[Goal of the exercise]
Give a bare count of the lines with "rechts" in the material below.

[Listed entries]

* * *

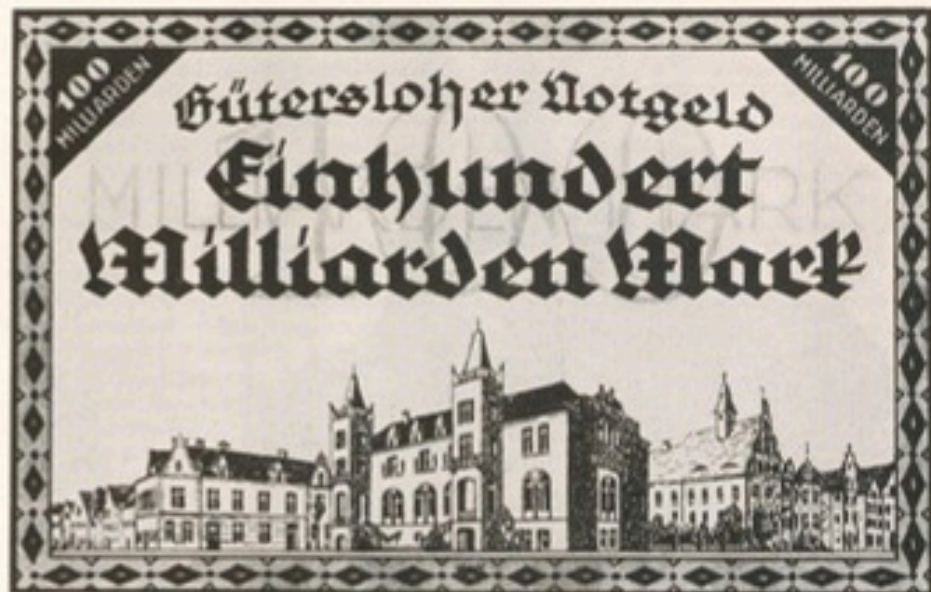
Abb. 5: Die Darstellung des alten Amtsgerichts (rechts) und des Alten Rathauses (Mitte) auf einem Gütersloher Notgeldschein aus dem Jahre 1923

Mit dem neuen Amtsgericht entstand ein eindrucksvolles Kulturdenkmal, das bis heute dem allgemeinen Schicksal wertvoller bauhistorischer Bauten in Gütersloh, dem Abbruch, durch glückliche Umstände entging. Gerade dieses Gebäude ist das letzte hervorragende Baudenkmal des Wilhelminischen Zeitalters, das wir in Gütersloh finden können. Mit diesem Bau konnte der Baumeister einen deutsch-nationalen Baustil anhand traditionsreicher Vorbilder weiterentwickeln, ohne in eine Nachahmung zu verfallen. Gleichzeitig schuf er für die Justizbehörde einen repräsentativen Baukomplex, der durch seine freundliche, harmonische Architektursprache den Bürger nicht abschreckte.
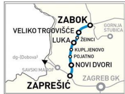
Slika projekta pruge Zaprešić-Zabok 1

Projekt modernizacije i elektrifikacije pruge Zprešić-Zabok u duljini od 23,85 kilometara regionlanog je karaktera, a realizira se na području Zagrebačke i Krapinsko-zagorske županije. Ima važnu ulogu u putničkom prijevozu, jer se tom relacijom mjesečno koristi 100 tisuća putnika. Cijeli projekt procijenjen je na 614,4 milijuna kuna, a s 85% sufinancira ga Europska unija putem operativnog programa konkurentnosti i kohezije. Radovi su započeli tijekom ljeta 2019. godine, a planirani završetak očekuje se do kraja 2021. godine.
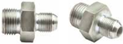
Ara Nipel ПРОМЕЖУТОЧНАЯ НИПЕЛЬ INTERMEDIATE NIPPLE
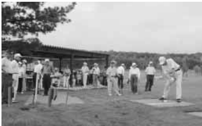
平成19年8月開催の第1回大会
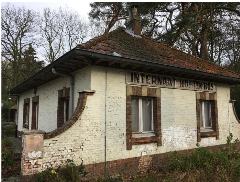
Afbeelding 7: conciërgewoning rechts

Bezichtiging mogelijk na afspraak: HOU MIJ OP DE HOOGTE
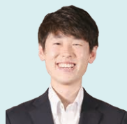
高齢福祉課 三島主事
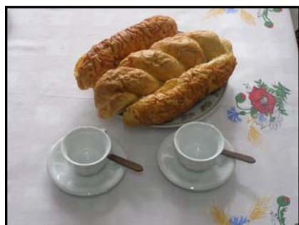
Sikeres sütést és jó étvágyat kívánok!

A lisztbe beletesszük a tojást, cukrot, vajat, sőt és a langyos tejben megfuttatott élesztőt és dagasztjuk. A tésztát kelni hagyjuk kb. 30percig, ha megkelt, négy rúdra kisodorjuk és mint a kislányok copfját, összefonjuk. Tepsibe tesszük, a tetejét megkenjük tojás sárgájával, megszórjuk cukorral, és előmelegített sütőben sütjük.
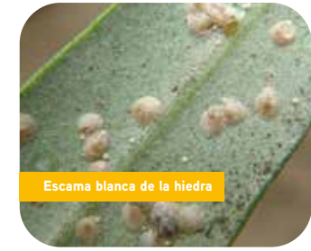
Escama blanca de la hiedra
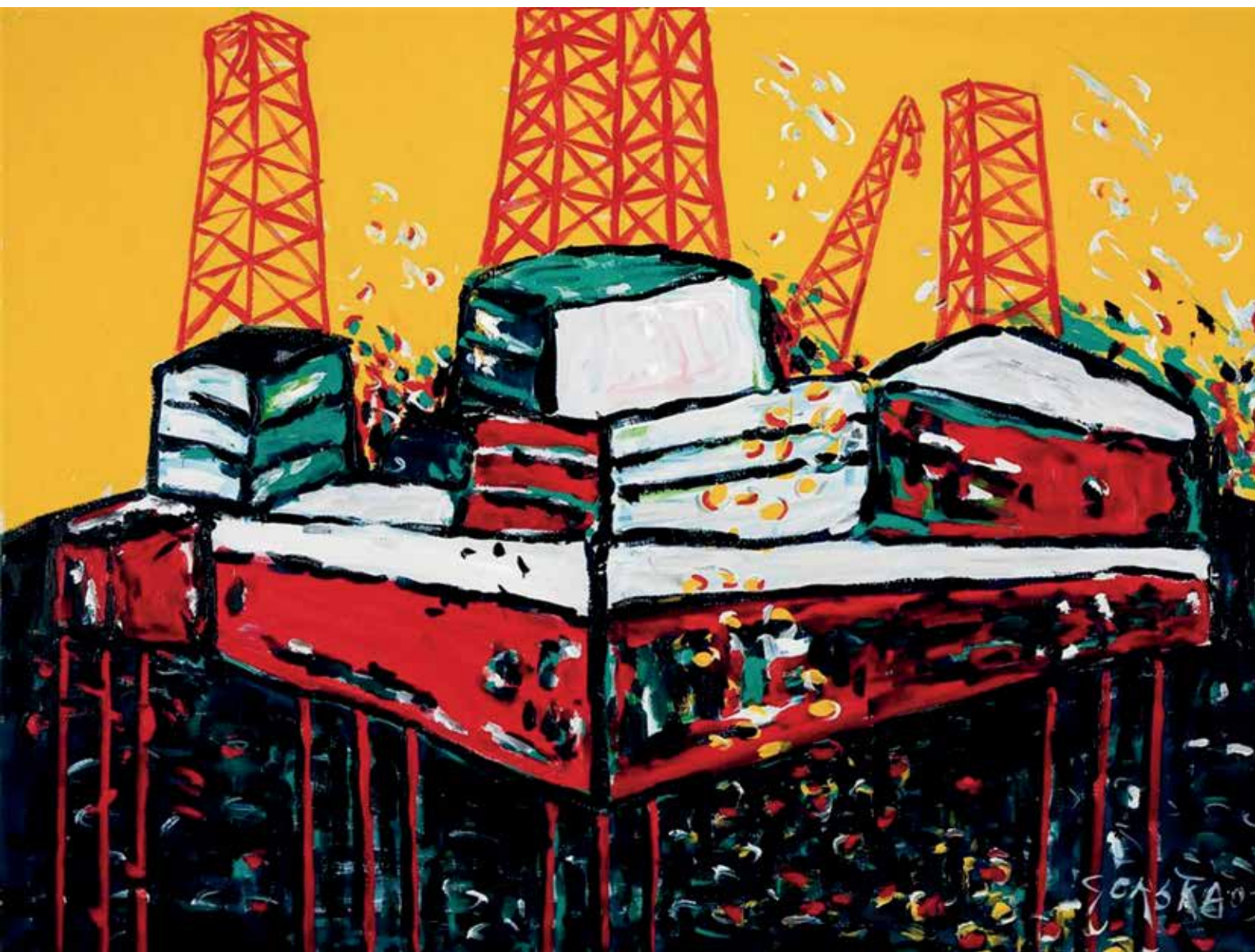
Platforma, akril na platnu, 140 x 190 cm

* * *

[Response below]
2